For each entry, output its words exactly and leave any picture behind.

══ THE INPUT

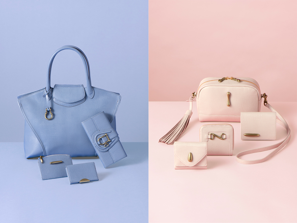 紫陽花のように奥行きのある青紫が上品な印象の「あじさい」と、貝殻のようなやさしいピンクが大人の可愛らしさを引き立てる「シェルピンク」の新色を、2022年1月28日(金)より、公式オンラインストアにて発売をスタート。新作から定番人気のアイテムまでバリエーション豊富に展開。
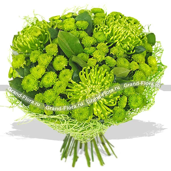 Обворожительная композиция из зеленых крупных и мелких хризантем с изящными веточками. Хризантема – тот цветок, вокруг которого рассказываются интересные истории и легенды. Хризантема символизирует долгую и счастливую жизнь и чаще всего дарится замужним женщинам. Зеленый цвет олицетворяет мир и спокойствие. Такой букет поможет укрепить дружбу, привнесет яркость в любое мероприятие.
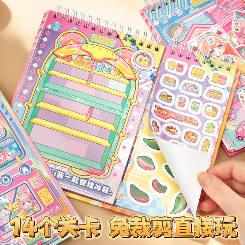 萌崽新款学霸学渣果冻贴纸安静书儿童免裁剪手工粘贴DIY女孩趣味玩具
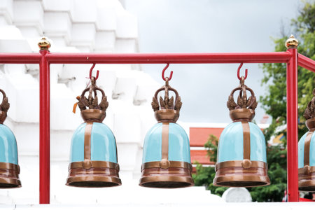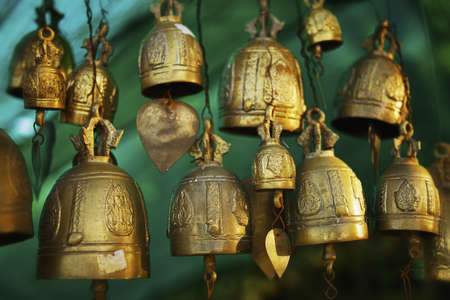 Copper bells in Buddhist place of worship in Phuket
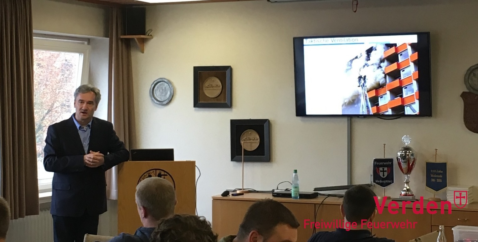Die Einsatzkräfte konnten Thorsten Bodensiek, freiberuflicher Dozent und Mitarbeiter bei der Werkfeuerwehr im VW-Werk Hannover, im Feuerwehrhaus in Verden begrüßen. Er hielt vor ca. 25 ehrenamtlichen Feuerwehrleuten einen Vortrag über den Umgang mit sogenannten Hochleistungslüftern im Feuerwehreinsatz. Organisiert wurde der Sonderdienst durch den stellvertretenden Ortsbrandmeister Tobias Burmeister.
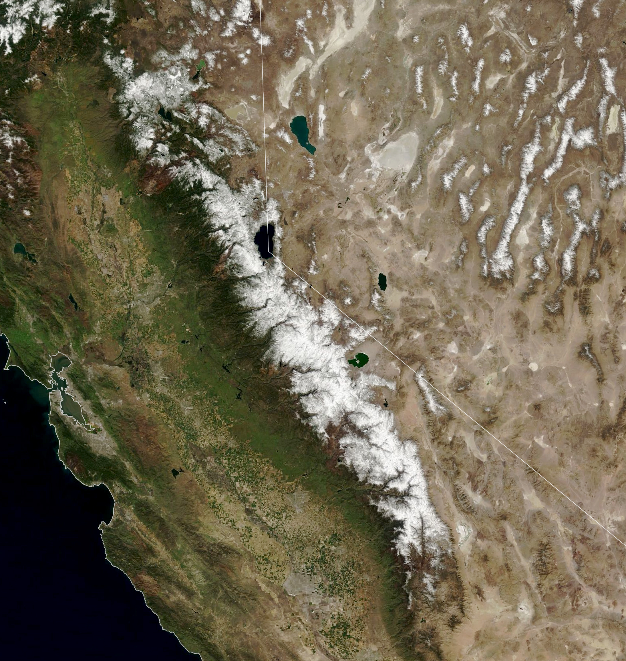 Snowfall is lacking in the Sierra Nevada mountains Today’s Image of the Day from NASA Earth Observatory features the Sierra Nevada mountain range in the western United States.
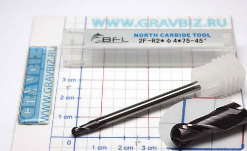 Фреза концевая, 2х заходная, сферическая R1,5мм, торец DØ3мм, длинная L75 мм, хвостовик Ød4мм; покрытие AlTiN, твердость HRC45, 2LSBN-04030075
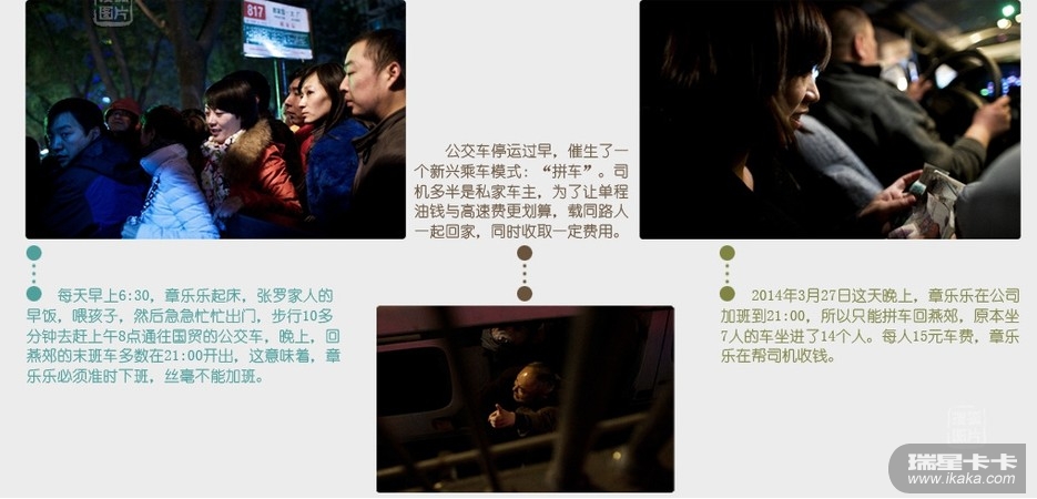 每天早上6:30,章乐乐起床,张罗家人的早饭,喂孩子,然后急急忙忙地出门,步行10多分钟去赶上午8点通往国贸的813路公交车。813路公交车是从她小区通往北京国贸的公司最快捷的一条线路,全程1小时20分钟,偶尔会因为必经的京通高速上某此事故而延长时间。但至少是一站式到达,不用转车,中间这一站全程高速,长达30公里。但是这些有9字头与8字头晚上末班车多在晚20点—21点开出,这就意味着章乐乐如果晚上加班晚一会回家,就只能以与陌生人“拼车”的形式回到燕郊。
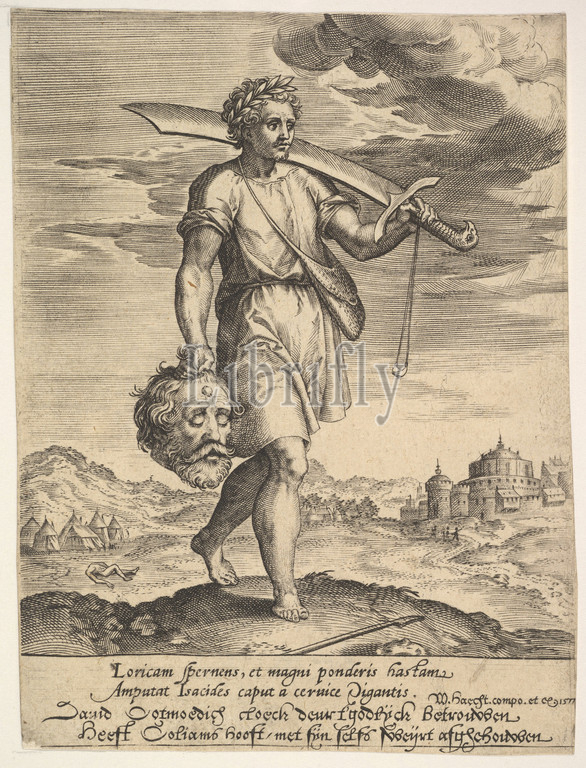 David, Head, Goliath, 1578, Engraving, sheet, 5 1/4 x 3 15/16, 13.4 10 cm, Prints, Hieronymus, Jerome, Wierix, Netherlandish, ca., 1553–1619, Antwerp
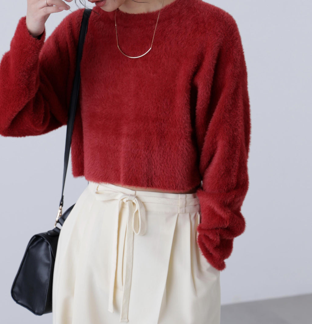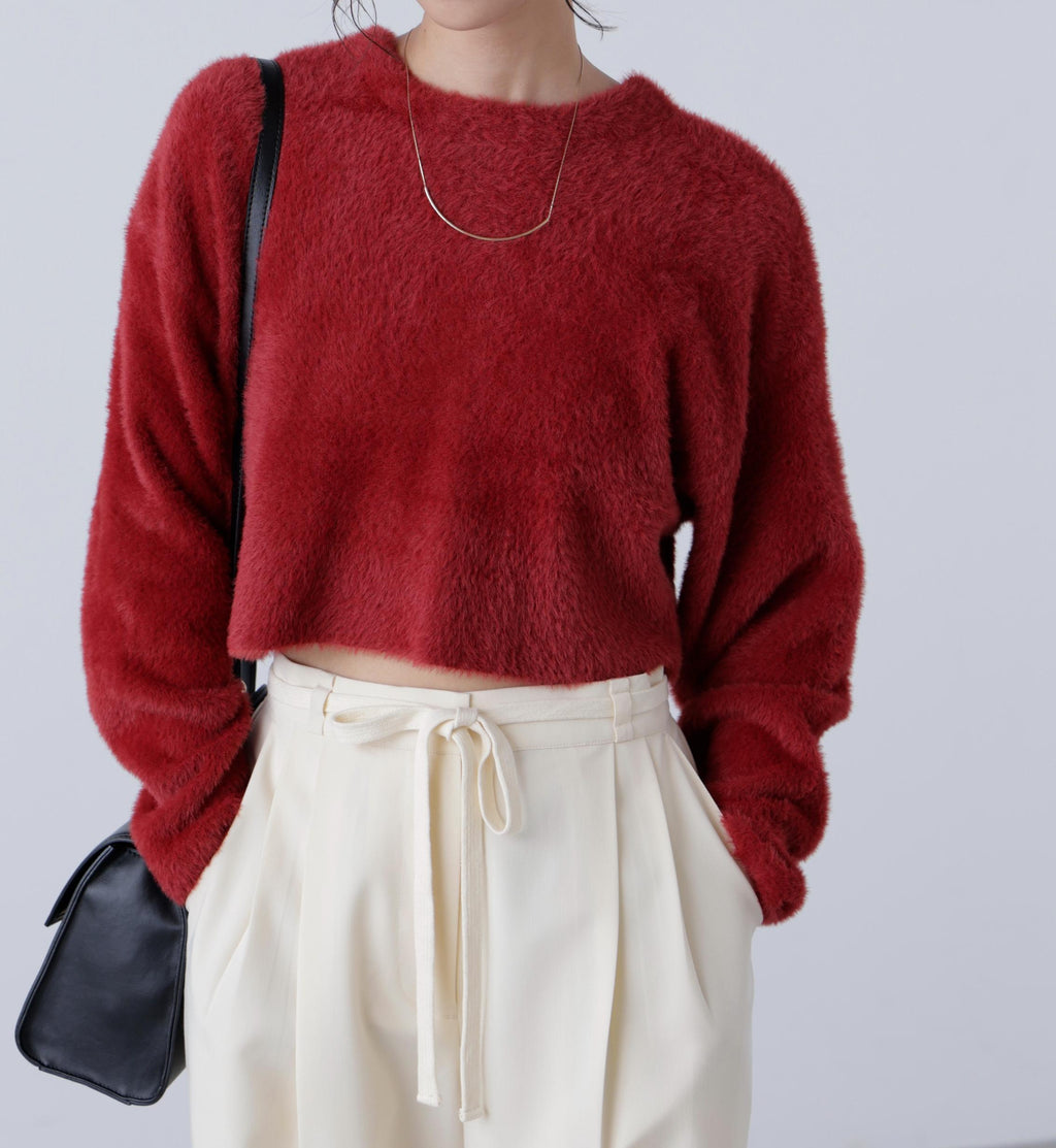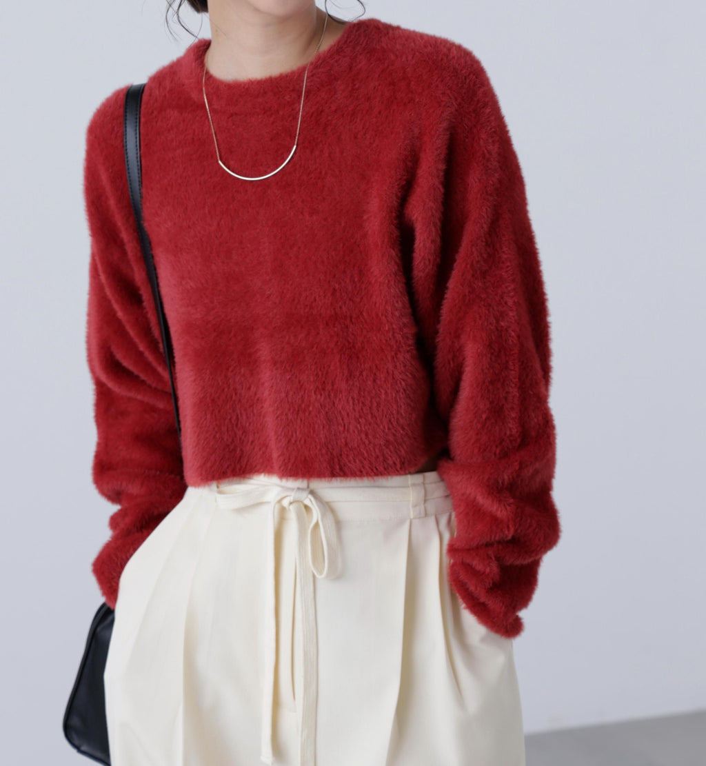 前後雙向短款短毛絨針織衫
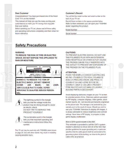 Toshiba 27AF41 32AF41 36AF41 (38 pages) TV Operating Manual

════

* **SOLUTION**:
 紫陽花のように奥行きのある青紫が上品な印象の「あじさい」と、貝殻のようなやさしいピンクが大人の可愛らしさを引き立てる「シェルピンク」の新色を、2022年1月28日(金)より、公式オンラインストアにて発売をスタート。新作から定番人気のアイテムまでバリエーション豊富に展開。
 Обворожительная композиция из зеленых крупных и мелких хризантем с изящными веточками. Хризантема – тот цветок, вокруг которого рассказываются интересные истории и легенды. Хризантема символизирует долгую и счастливую жизнь и чаще всего дарится замужним женщинам. Зеленый цвет олицетворяет мир и спокойствие. Такой букет поможет укрепить дружбу, привнесет яркость в любое мероприятие.
 萌崽新款学霸学渣果冻贴纸安静书儿童免裁剪手工粘贴DIY女孩趣味玩具
 Copper bells in Buddhist place of worship in Phuket
Die Einsatzkräfte konnten Thorsten Bodensiek, freiberuflicher Dozent und Mitarbeiter bei der Werkfeuerwehr im VW-Werk Hannover, im Feuerwehrhaus in Verden begrüßen. Er hielt vor ca. 25 ehrenamtlichen Feuerwehrleuten einen Vortrag über den Umgang mit sogenannten Hochleistungslüftern im Feuerwehreinsatz. Organisiert wurde der Sonderdienst durch den stellvertretenden Ortsbrandmeister Tobias Burmeister.
 Snowfall is lacking in the Sierra Nevada mountains Today’s Image of the Day from NASA Earth Observatory features the Sierra Nevada mountain range in the western United States.
 Фреза концевая, 2х заходная, сферическая R1,5мм, торец DØ3мм, длинная L75 мм, хвостовик Ød4мм; покрытие AlTiN, твердость HRC45, 2LSBN-04030075
 每天早上6:30,章乐乐起床,张罗家人的早饭,喂孩子,然后急急忙忙地出门,步行10多分钟去赶上午8点通往国贸的813路公交车。813路公交车是从她小区通往北京国贸的公司最快捷的一条线路,全程1小时20分钟,偶尔会因为必经的京通高速上某此事故而延长时间。但至少是一站式到达,不用转车,中间这一站全程高速,长达30公里。但是这些有9字头与8字头晚上末班车多在晚20点—21点开出,这就意味着章乐乐如果晚上加班晚一会回家,就只能以与陌生人“拼车”的形式回到燕郊。
 David, Head, Goliath, 1578, Engraving, sheet, 5 1/4 x 3 15/16, 13.4 10 cm, Prints, Hieronymus, Jerome, Wierix, Netherlandish, ca., 1553–1619, Antwerp
 前後雙向短款短毛絨針織衫
 Toshiba 27AF41 32AF41 36AF41 (38 pages) TV Operating Manual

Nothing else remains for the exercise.